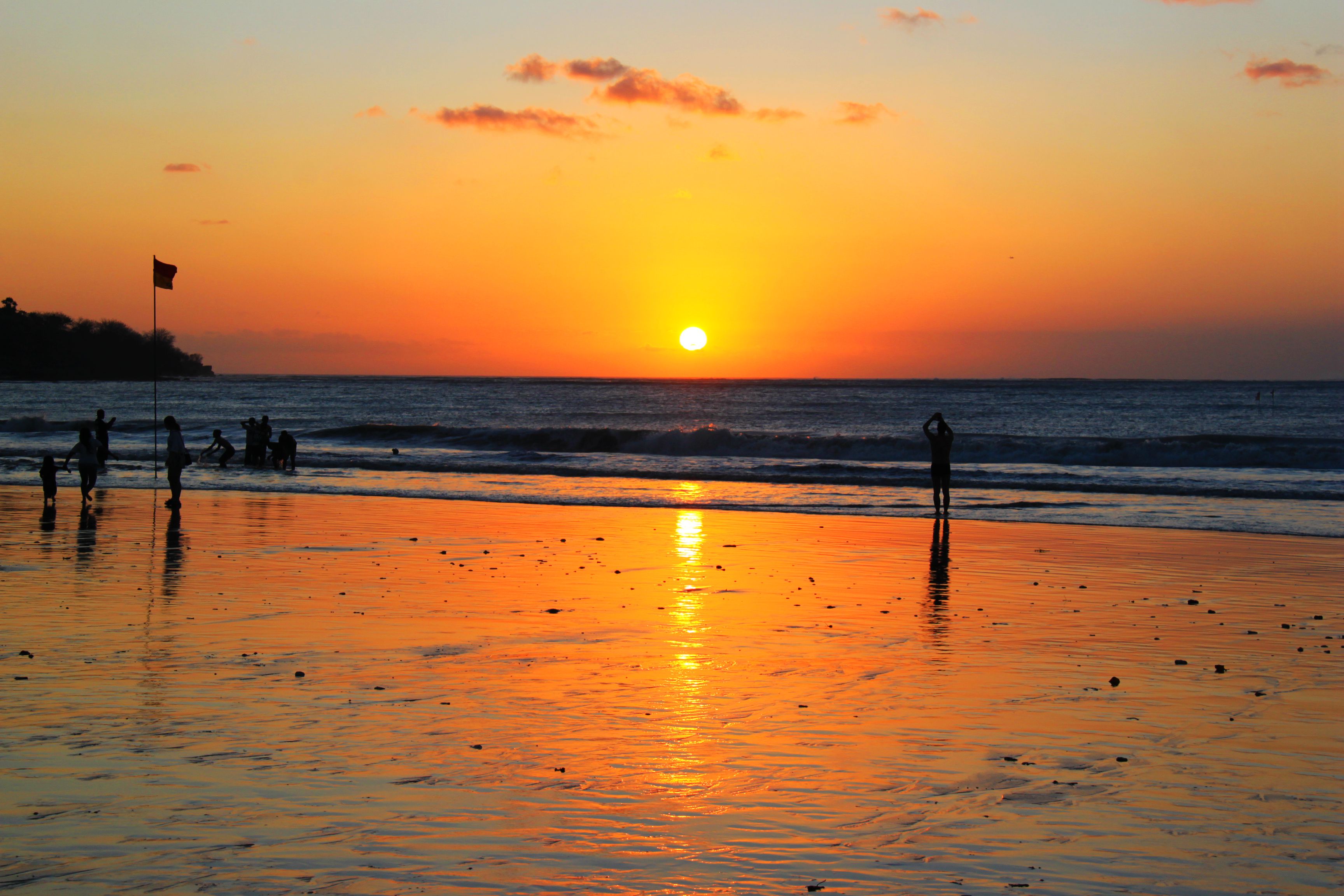 【金巴兰海滩】以其壮观的海上日落美景而闻名,曾被评为十大日落之一,狭长的海滩似乎没有终点,面对着无尽的海鲜,脚踏软绵绵的沙,如漫步在天堂一般,每当夕阳西下,落日就像沉入大海一样,短暂却无比美妙和壮观,天色暗下行人如剪影,又是另一幅风景画。
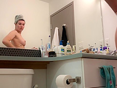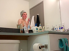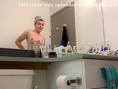 Hidden livecam - college athlete after shower with large booty and close up love tunnel!!
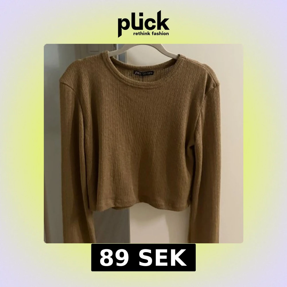Säljer en beige ribbad tröja från Zara. Den är croppad med långa ärmar och har en rund halsringning. Den är i storlek L men jag bär S kläder och ni ser hur den sitter på mig. Den har fortfarande prislappen på så aldrig använd💕
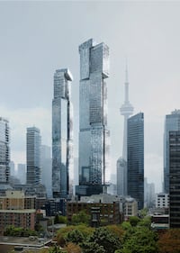 The two towers will be 73 and 84 storeys tall, the highest of any of Gehry’s residential projects. This is an artist’s illustration of the towers. (Forma / Great Gulf)
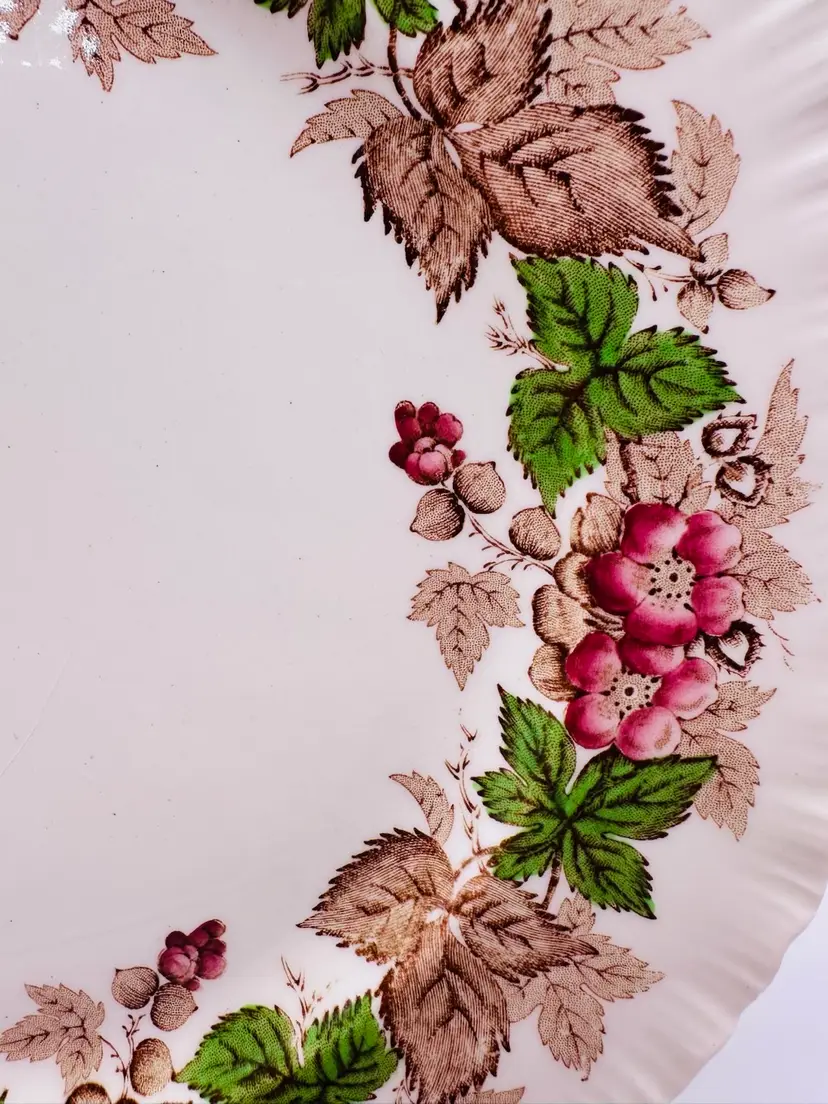 This item is a vintage Wedgwood dinner plate in the "Wildbriar" pattern, featuring a creamy white background with a border of brown and pink floral designs and a textured, ruffled edge.

....

# PROBLEM DESCRIPTION
Take each line from the records and copy it unchanged, leaving images out.

# ANSWER TO THIS PROBLEM
 【金巴兰海滩】以其壮观的海上日落美景而闻名,曾被评为十大日落之一,狭长的海滩似乎没有终点,面对着无尽的海鲜,脚踏软绵绵的沙,如漫步在天堂一般,每当夕阳西下,落日就像沉入大海一样,短暂却无比美妙和壮观,天色暗下行人如剪影,又是另一幅风景画。
 Hidden livecam - college athlete after shower with large booty and close up love tunnel!!
Säljer en beige ribbad tröja från Zara. Den är croppad med långa ärmar och har en rund halsringning. Den är i storlek L men jag bär S kläder och ni ser hur den sitter på mig. Den har fortfarande prislappen på så aldrig använd💕
 The two towers will be 73 and 84 storeys tall, the highest of any of Gehry’s residential projects. This is an artist’s illustration of the towers. (Forma / Great Gulf)
 This item is a vintage Wedgwood dinner plate in the "Wildbriar" pattern, featuring a creamy white background with a border of brown and pink floral designs and a textured, ruffled edge.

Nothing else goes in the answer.